Sep 16 12:13:59 docker1 rpm-ostree[324341]: Created new deployment /ostree/deploy/fedora-coreos/deploy/7ea8d089d135c027ff98e911dd43fc1886d223e6694f2cc21637645ee42eca37.11
Sep 16 12:13:59 docker1 rpm-ostree[324341]: sanitycheck(/usr/bin/true) successful
Sep 16 12:14:00 docker1 rpm-ostree[324341]: Txn KernelArgs on /org/projectatomic/rpmostree1/fedora_coreos successful
Sep 16 12:14:03 docker1 rpm-ostree[324341]: Unlocked sysroot
Sep 16 12:14:03 docker1 rpm-ostree[324341]: Process [pid: 324339 uid: 0 unit: session-4.scope] disconnected from transaction progress
Sep 16 12:14:04 docker1 rpm-ostree[324341]: client(id:cli dbus:1.865 unit:session-4.scope uid:0) vanished; remaining=0
Sep 16 12:14:04 docker1 rpm-ostree[324341]: In idle state; will auto-exit in 63 seconds

After rebooting systemd.unified_cgroup_hierarchy=0 is still present in grub menu and /proc/cmdline

betermieux commented 3 years ago

Maybe I found the culprit, I have specified a periodic update window later this week. New kernel arguments are probably added to the not yet used version. Any chance to force an upgrade?
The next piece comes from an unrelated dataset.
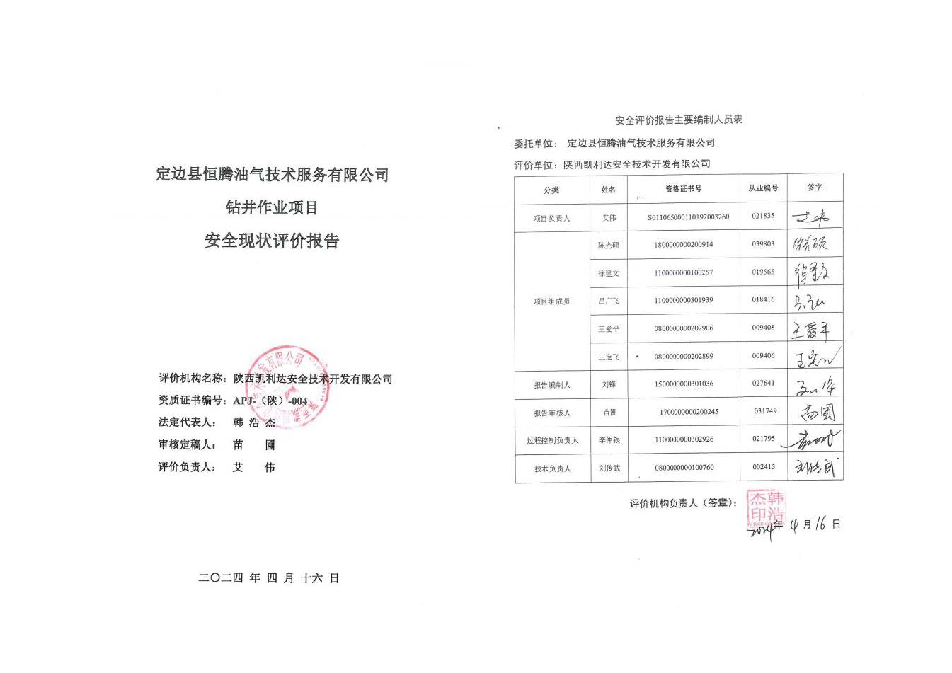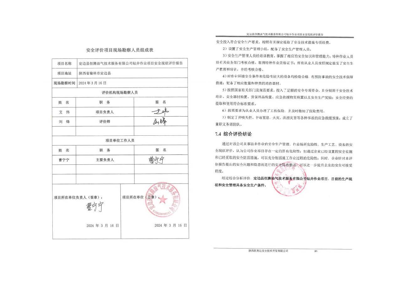 KLDAP[2024]-1.6 定邊縣恒騰油氣技術(shù)服務(wù)有限公司鉆井作業(yè)項(xiàng)目安全現(xiàn)狀評價(jià)

A regular systemctl reboot just returns back to 34.20210821.1.1

# cat /etc/zincati/config.d/55-updates-strategy.toml
[updates]
strategy = "periodic"
[[updates.periodic.window]]
days = [ "Fri", "Sat" ]
start_time = "20:00"
length_minutes = 720

# rpm-ostree status
State: idle
AutomaticUpdatesDriver: Zincati
  DriverState: active; update staged: 34.20210904.1.0; reboot pending due to update strategy
Deployments:
  fedora:fedora/x86_64/coreos/next
                   Version: 34.20210904.1.0 (2021-09-07T00:13:14Z)
                    Commit: 7ea8d089d135c027ff98e911dd43fc1886d223e6694f2cc21637645ee42eca37
              GPGSignature: Valid signature by 8C5BA6990BDB26E19F2A1A801161AE6945719A39
                      Diff: 34 upgraded, 1 removed

* fedora:fedora/x86_64/coreos/next
                   Version: 34.20210821.1.1 (2021-08-24T03:31:02Z)
                    Commit: 55e40560b1a4008f8d4fd70eb73d65cc834ca03a985fb380e76c9ae2c2c459fa
              GPGSignature: Valid signature by 8C5BA6990BDB26E19F2A1A801161AE6945719A39

  fedora:fedora/x86_64/coreos/next
                   Version: 34.20210808.1.0 (2021-08-09T22:57:42Z)
                    Commit: 966e80e2789383d8403b46d77c449e1c858e7116e60a6c49da9f84e1c9a95f4d
              GPGSignature: Valid signature by 8C5BA6990BDB26E19F2A1A801161AE6945719A39

# rpm-ostree upgrade --bypass-driver -r
2 metadata, 0 content objects fetched; 788 B transferred in 1 seconds; 0 bytes content written
No upgrade available.
lucab commented 3 years ago

Not directly yet, but:

# echo 'updates.strategy = "immediate"' > /run/zincati/config.d/99-finalize-once-out-of-maintenance-window.toml
# systemctl restart zincati.service

Will perform an immediate update, once.

Though I'm still not clear about what happens to the new/updated kargs. Possibly they get applied to the staged update, which is however discarded by the manual reboot?

lucab commented 3 years ago

If the above guess is correct, a more reliable way to tweak kargs and immediately apply changes would be:

# systemctl stop zincati.service
# rpm-ostree cleanup -p
# rpm-ostree kargs --delete=systemd.unified_cgroup_hierarchy --reboot

Although if that is the case, we should look for a way to improve the UX of this.

betermieux commented 3 years ago

OK, now it works. rpm-ostree kargs changed the kernel arguments of the staged update (probably worked all the time). After letting zincati upgrade the node with the immediate strategy, the new kernel arguments are used. I wouldn't fix anything, but maybe you should output a warning if rpm-ostree kargs changes kernel arguments of a (not yet) active deployment.

lucab commented 3 years ago

I suspect we can improve the UX of this in two directions:

betermieux commented 3 years ago

I agree with your first case, but I had tested rpm-ostree kargs --reboot, which will reboot the system immediatly. To my knowledge, --bypass-driver is only used for rpm-ostree upgrade not for rpm-ostree kargs . You will always have to point to the update driver if an update is pending.